En la playa, Kamida tropezó con el barril abandonado por los pescadores. De modo instintivo y sin titubear había hallado el camino hasta aquel barril lleno de las cenizas de los de su tribu, los trozos de carne carbonizada que con tanto esmero había separado de la arena del atolón.

Lo abrazó estrechamente, apretando la mejilla contra el metal curvo y resbaladizo a causa de la lluvia, que estaba frío incluso al tacto de su insensible mejilla. Se aferró a él como si se tratara de un ancla, sollozando mientras el huracán rugía implacablemente.
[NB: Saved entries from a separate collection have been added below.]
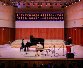 音乐会以“钢琴+”多元融合为特色,首创性呈现多部跨文化作品:钢琴与民乐合奏版《梁祝》(节选改编)突破中西乐器界限,赋予经典新维度;中国音乐金钟奖得主赵墨佳原创《越人歌》融合钢琴、七声调式古筝与打击乐,重现民族音乐精髓;厦门首演的钢琴三重奏《台湾叙事曲》融入福佬系、客家民谣及少数民族元素,以旋律呼应两岸同源;朱晓乐教授原创的《大梦华厦幻想曲》则串联《鼓浪屿之波》《华厦颂》等旋律,回溯学院三十年教育历程;压轴曲目《如愿》由学生合唱团献唱,传递青年传承使命。
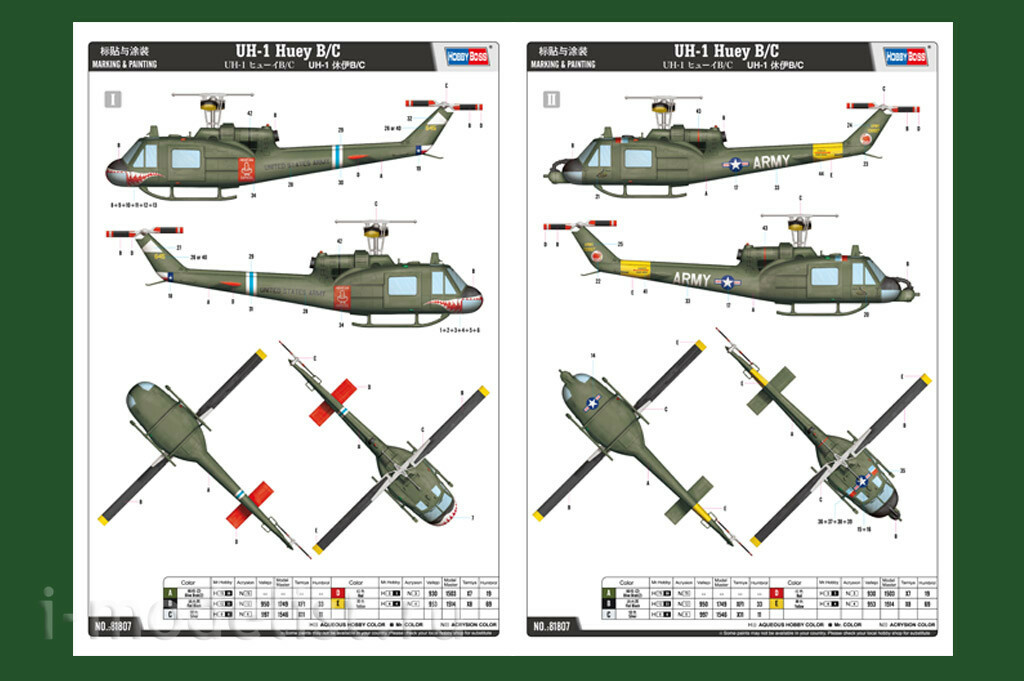 81807 HobbyBoss 1/18 UH-1 Huey B/C Helicopter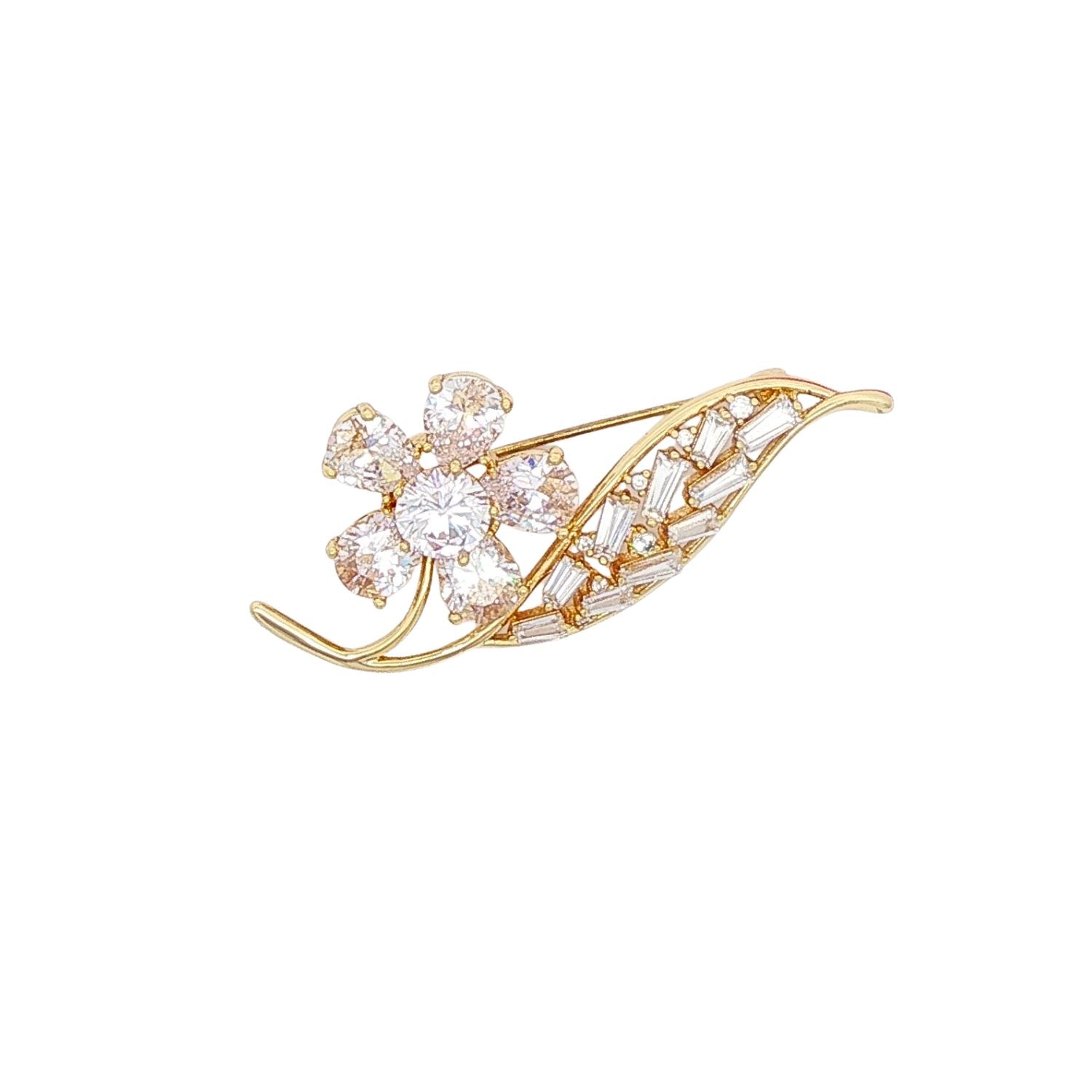 Brosa placata cu aur 14k Floare cu Pietre Albe este un accesoriu elegant inspirat din frumusetea naturii. Designul delicat al florii este accentuat de pietre stralucitoare, oferind un plus de rafinament si feminitate. Placarea cu aur 14k asigura stralucire de durata si un aspect premium.

Los misteriosos susurros y gemidos se hicieron cada vez más fuertes, ahogando incluso los bramidos de la espesa masa de nubarrones que se cernía sobre él. Ryan Kamida sentía la fuerza cada vez mayor del ojo acusador del huracán, la electricidad estática, la subida de tensión.

Alzó el rostro y sintió cómo se evaporaba la lluvia mientras un intenso calor le acariciaba la piel. A pesar de ser ciego, supo de algún modo que en las nubes que envolvían la isla, la luz alcanzaba una intensidad candente cada vez mayor a medida que avanzaba la cuenta atrás.